-- ENTRIES SUPPLIED follows --

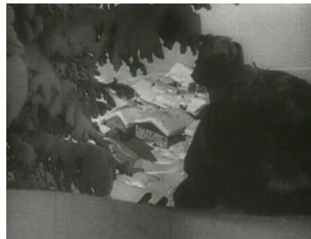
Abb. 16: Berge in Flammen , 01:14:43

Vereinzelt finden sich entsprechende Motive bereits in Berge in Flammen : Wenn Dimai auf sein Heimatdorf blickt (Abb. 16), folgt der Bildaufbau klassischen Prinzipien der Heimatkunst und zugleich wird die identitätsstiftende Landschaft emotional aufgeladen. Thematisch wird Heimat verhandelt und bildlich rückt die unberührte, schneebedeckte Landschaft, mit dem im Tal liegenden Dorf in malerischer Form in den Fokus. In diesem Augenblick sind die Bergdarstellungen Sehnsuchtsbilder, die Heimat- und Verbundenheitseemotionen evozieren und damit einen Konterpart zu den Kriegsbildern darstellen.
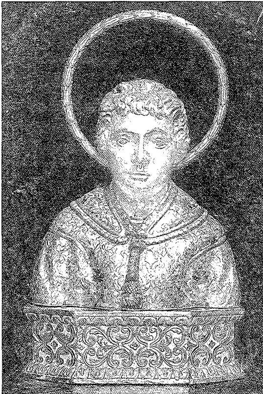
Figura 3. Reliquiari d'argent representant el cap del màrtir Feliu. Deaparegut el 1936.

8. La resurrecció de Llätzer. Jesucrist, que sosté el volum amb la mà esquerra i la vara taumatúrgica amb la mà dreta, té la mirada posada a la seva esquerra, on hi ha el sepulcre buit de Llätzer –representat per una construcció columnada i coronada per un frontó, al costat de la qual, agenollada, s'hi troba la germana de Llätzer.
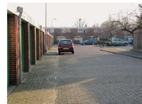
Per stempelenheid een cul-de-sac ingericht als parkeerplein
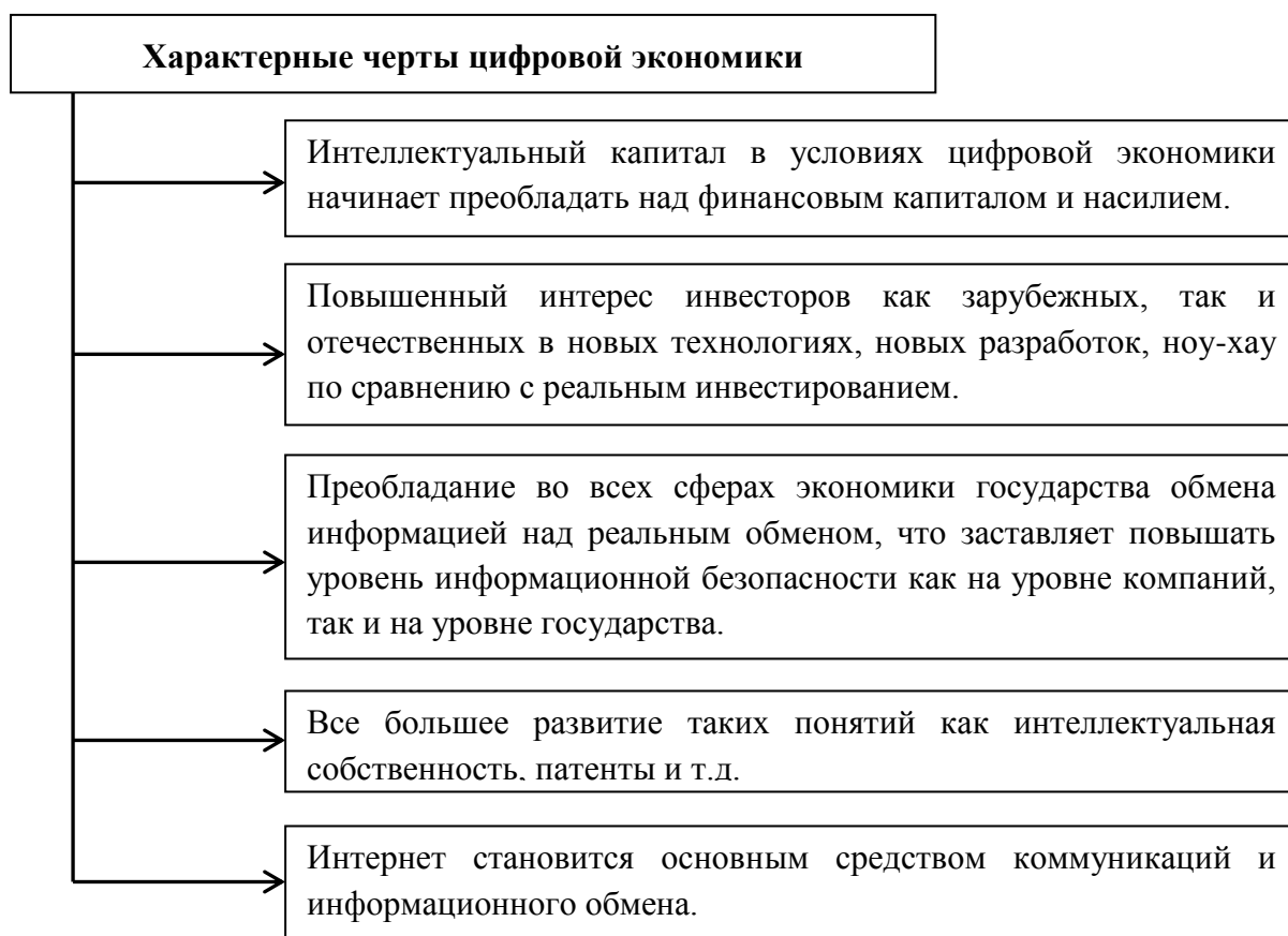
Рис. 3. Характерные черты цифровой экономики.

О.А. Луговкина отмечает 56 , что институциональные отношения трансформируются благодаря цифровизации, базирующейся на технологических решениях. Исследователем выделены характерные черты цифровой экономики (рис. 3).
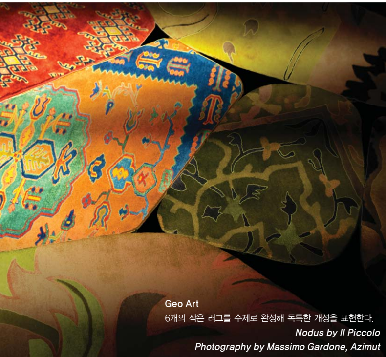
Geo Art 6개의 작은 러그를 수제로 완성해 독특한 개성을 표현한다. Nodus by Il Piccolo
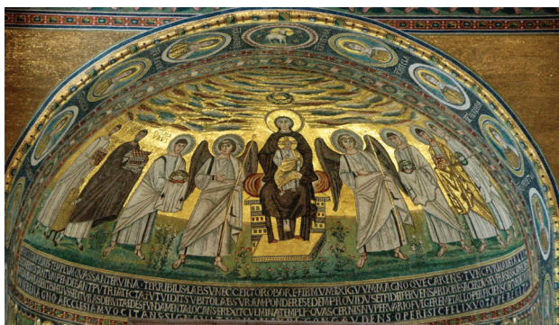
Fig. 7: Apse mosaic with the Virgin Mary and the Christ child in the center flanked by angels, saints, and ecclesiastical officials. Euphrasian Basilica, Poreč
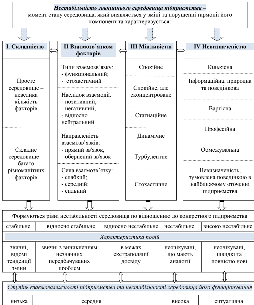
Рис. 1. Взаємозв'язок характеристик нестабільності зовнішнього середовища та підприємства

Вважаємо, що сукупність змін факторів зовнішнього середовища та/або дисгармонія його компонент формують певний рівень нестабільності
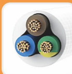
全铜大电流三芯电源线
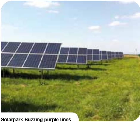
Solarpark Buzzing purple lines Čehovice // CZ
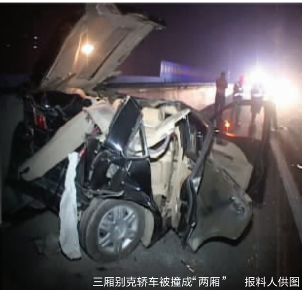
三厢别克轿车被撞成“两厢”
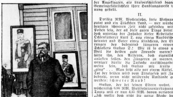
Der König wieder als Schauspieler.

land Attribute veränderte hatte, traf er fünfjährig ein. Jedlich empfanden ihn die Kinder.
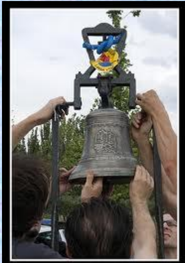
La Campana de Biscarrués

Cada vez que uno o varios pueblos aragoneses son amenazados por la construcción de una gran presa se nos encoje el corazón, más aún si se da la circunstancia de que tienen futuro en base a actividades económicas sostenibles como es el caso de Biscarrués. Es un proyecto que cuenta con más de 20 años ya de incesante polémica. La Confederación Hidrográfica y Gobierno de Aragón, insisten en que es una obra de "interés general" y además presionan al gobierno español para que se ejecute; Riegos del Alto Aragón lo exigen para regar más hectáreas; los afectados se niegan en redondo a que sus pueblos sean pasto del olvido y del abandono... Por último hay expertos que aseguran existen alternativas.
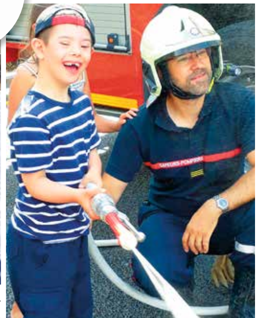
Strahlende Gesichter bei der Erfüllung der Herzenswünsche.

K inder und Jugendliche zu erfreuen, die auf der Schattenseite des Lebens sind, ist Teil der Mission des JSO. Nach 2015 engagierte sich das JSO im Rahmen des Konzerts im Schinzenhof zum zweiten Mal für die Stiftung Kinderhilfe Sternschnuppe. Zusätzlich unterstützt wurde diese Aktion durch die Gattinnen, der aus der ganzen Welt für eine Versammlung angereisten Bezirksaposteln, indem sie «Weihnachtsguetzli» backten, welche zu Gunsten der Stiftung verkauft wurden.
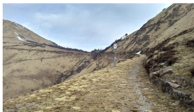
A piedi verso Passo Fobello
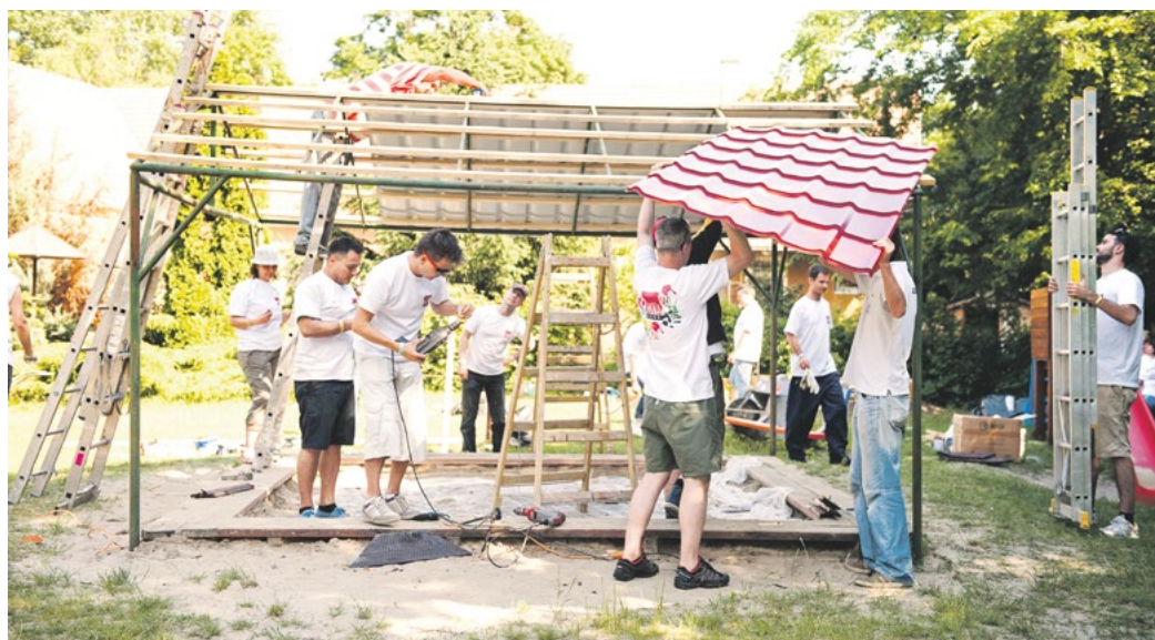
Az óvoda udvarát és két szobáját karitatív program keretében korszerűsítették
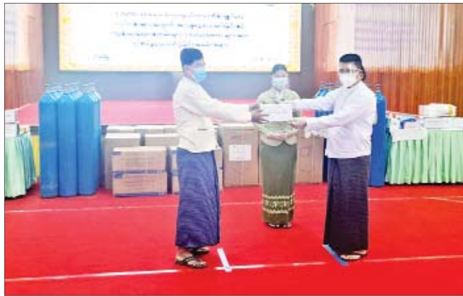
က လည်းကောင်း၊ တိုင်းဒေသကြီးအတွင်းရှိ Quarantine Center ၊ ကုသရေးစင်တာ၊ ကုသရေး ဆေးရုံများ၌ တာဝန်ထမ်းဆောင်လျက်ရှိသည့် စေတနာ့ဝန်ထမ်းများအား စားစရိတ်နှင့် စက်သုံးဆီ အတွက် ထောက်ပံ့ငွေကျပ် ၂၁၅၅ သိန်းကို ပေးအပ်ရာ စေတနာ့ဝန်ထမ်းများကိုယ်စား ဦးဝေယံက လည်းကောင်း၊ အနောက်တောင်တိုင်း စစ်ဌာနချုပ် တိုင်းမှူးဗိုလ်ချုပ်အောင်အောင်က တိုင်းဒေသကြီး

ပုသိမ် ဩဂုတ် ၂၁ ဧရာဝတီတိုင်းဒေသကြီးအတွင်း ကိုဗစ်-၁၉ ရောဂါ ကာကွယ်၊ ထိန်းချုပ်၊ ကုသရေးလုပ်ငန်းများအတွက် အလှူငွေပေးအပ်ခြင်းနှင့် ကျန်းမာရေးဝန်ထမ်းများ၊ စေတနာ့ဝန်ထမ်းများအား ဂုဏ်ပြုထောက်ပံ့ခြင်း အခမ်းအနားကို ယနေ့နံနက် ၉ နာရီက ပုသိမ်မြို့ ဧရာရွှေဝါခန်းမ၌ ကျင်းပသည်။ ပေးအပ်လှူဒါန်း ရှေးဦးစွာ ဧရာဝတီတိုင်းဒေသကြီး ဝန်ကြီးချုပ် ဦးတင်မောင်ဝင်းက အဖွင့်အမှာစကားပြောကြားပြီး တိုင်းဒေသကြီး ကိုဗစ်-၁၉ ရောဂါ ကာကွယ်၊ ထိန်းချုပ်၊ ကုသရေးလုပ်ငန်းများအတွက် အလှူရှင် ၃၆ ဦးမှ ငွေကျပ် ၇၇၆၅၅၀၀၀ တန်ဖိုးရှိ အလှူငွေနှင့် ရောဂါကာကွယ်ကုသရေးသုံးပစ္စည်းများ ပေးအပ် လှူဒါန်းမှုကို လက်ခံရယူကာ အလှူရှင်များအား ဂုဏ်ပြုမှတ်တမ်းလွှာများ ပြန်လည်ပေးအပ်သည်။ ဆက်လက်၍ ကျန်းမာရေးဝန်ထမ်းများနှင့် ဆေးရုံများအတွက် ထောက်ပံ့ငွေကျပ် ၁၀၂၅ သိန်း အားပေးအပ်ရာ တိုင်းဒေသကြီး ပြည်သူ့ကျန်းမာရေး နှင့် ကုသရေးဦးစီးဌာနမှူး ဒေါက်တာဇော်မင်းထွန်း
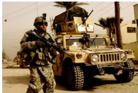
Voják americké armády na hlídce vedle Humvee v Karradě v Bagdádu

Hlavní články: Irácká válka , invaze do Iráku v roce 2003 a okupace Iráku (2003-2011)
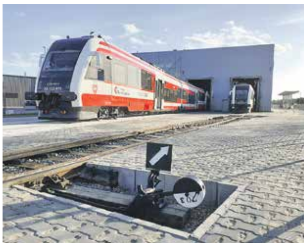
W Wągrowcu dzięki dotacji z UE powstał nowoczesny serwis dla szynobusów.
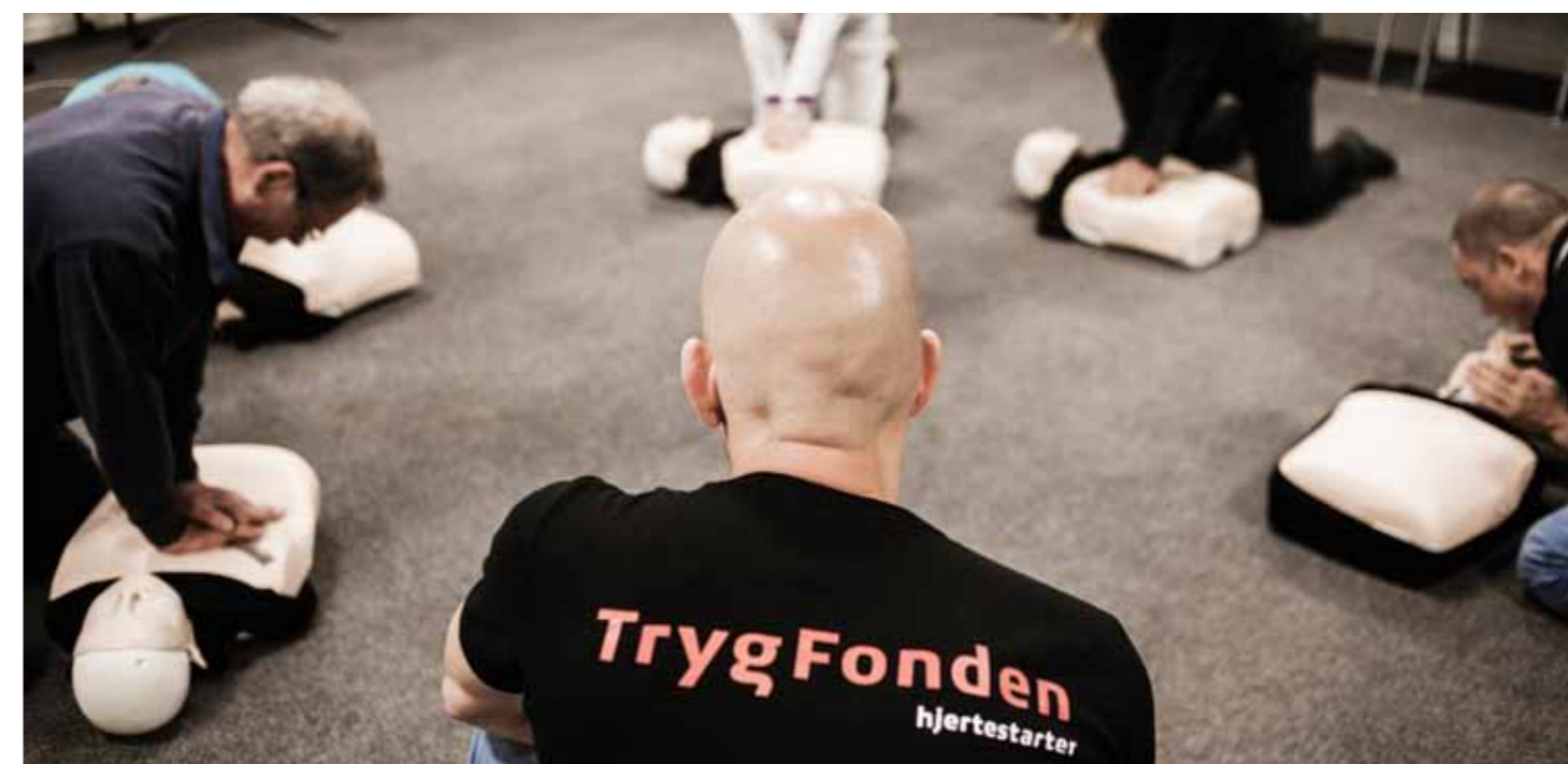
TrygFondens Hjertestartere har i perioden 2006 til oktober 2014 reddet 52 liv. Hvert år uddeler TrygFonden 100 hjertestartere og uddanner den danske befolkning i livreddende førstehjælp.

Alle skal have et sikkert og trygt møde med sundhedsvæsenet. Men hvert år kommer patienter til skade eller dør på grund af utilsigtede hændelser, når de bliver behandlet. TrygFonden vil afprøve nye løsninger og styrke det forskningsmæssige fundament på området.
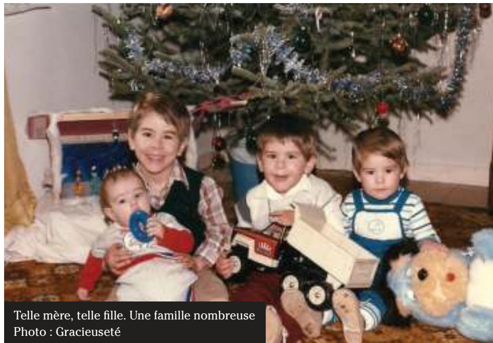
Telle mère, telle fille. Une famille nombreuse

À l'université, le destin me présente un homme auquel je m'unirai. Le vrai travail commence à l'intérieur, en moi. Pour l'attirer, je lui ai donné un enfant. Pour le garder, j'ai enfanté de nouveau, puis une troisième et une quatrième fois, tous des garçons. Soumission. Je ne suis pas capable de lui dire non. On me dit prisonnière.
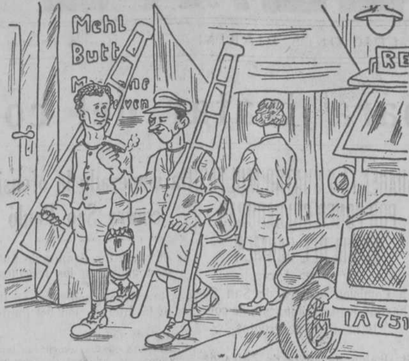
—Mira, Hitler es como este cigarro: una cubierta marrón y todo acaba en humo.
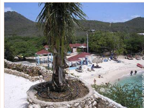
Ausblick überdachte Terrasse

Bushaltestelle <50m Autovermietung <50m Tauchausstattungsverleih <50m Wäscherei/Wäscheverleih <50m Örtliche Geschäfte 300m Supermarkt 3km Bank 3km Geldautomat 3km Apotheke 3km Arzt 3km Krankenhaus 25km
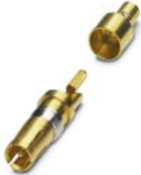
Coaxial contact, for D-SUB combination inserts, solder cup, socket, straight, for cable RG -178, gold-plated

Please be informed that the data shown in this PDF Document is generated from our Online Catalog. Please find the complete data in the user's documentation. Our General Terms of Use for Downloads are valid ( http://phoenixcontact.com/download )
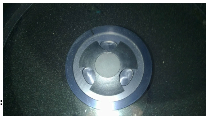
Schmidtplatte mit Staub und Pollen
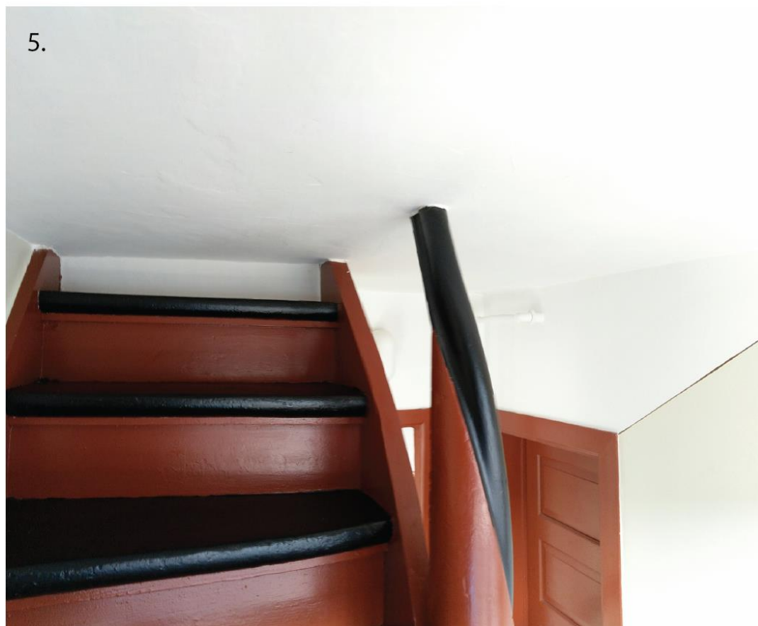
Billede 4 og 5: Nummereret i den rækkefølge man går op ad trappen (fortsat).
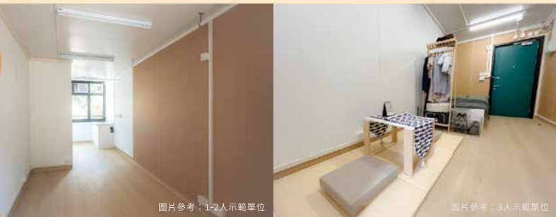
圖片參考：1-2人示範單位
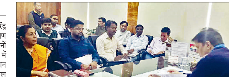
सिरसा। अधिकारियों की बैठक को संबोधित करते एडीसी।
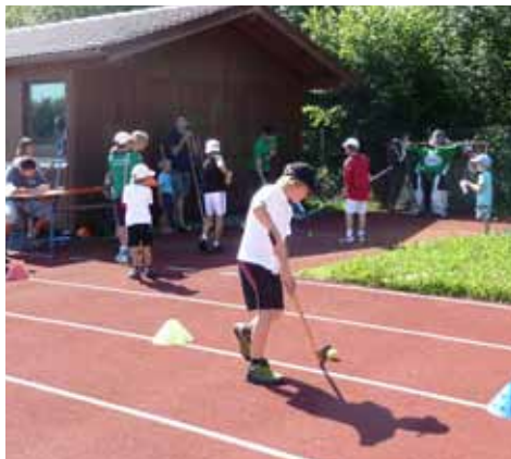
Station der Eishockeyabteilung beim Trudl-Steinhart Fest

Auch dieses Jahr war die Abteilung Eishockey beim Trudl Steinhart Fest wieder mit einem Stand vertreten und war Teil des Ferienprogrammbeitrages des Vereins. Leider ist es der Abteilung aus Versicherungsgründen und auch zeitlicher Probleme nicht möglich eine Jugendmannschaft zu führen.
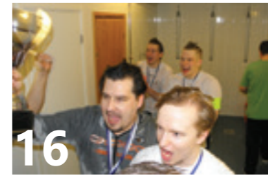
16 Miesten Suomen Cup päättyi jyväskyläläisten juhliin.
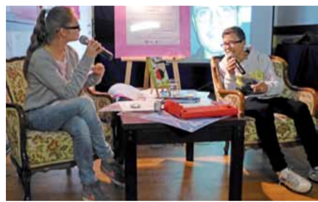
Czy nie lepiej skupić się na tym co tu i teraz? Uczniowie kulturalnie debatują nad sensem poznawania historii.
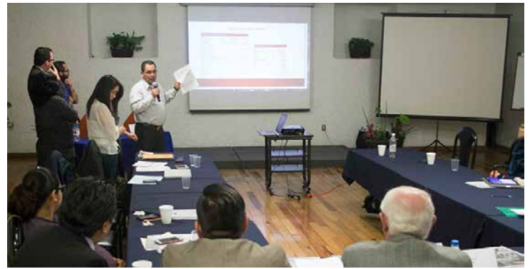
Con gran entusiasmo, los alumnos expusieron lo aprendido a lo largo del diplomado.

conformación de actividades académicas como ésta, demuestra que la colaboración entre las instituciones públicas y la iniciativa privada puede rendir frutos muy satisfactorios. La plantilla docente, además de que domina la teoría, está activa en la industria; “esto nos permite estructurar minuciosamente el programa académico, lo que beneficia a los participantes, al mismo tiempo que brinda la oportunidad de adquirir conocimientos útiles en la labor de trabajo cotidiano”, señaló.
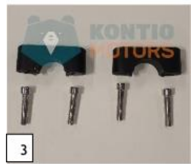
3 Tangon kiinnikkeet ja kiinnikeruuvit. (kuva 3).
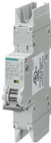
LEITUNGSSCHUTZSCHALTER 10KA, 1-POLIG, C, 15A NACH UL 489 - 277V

-- ENTRIES SUPPLIED concluded --

> WHAT IS EXPECTED: The expected output is an exact copy of the lines from the top of the data above through the line containing "О.А. Луговкина отмечает", both included, with every picture omitted.

> FINISHED TASK:
Abb. 16: Berge in Flammen , 01:14:43

Vereinzelt finden sich entsprechende Motive bereits in Berge in Flammen : Wenn Dimai auf sein Heimatdorf blickt (Abb. 16), folgt der Bildaufbau klassischen Prinzipien der Heimatkunst und zugleich wird die identitätsstiftende Landschaft emotional aufgeladen. Thematisch wird Heimat verhandelt und bildlich rückt die unberührte, schneebedeckte Landschaft, mit dem im Tal liegenden Dorf in malerischer Form in den Fokus. In diesem Augenblick sind die Bergdarstellungen Sehnsuchtsbilder, die Heimat- und Verbundenheitseemotionen evozieren und damit einen Konterpart zu den Kriegsbildern darstellen.
Figura 3. Reliquiari d'argent representant el cap del màrtir Feliu. Deaparegut el 1936.

8. La resurrecció de Llätzer. Jesucrist, que sosté el volum amb la mà esquerra i la vara taumatúrgica amb la mà dreta, té la mirada posada a la seva esquerra, on hi ha el sepulcre buit de Llätzer –representat per una construcció columnada i coronada per un frontó, al costat de la qual, agenollada, s'hi troba la germana de Llätzer.
Per stempelenheid een cul-de-sac ingericht als parkeerplein
Рис. 3. Характерные черты цифровой экономики.

О.А. Луговкина отмечает 56 , что институциональные отношения трансформируются благодаря цифровизации, базирующейся на технологических решениях. Исследователем выделены характерные черты цифровой экономики (рис. 3).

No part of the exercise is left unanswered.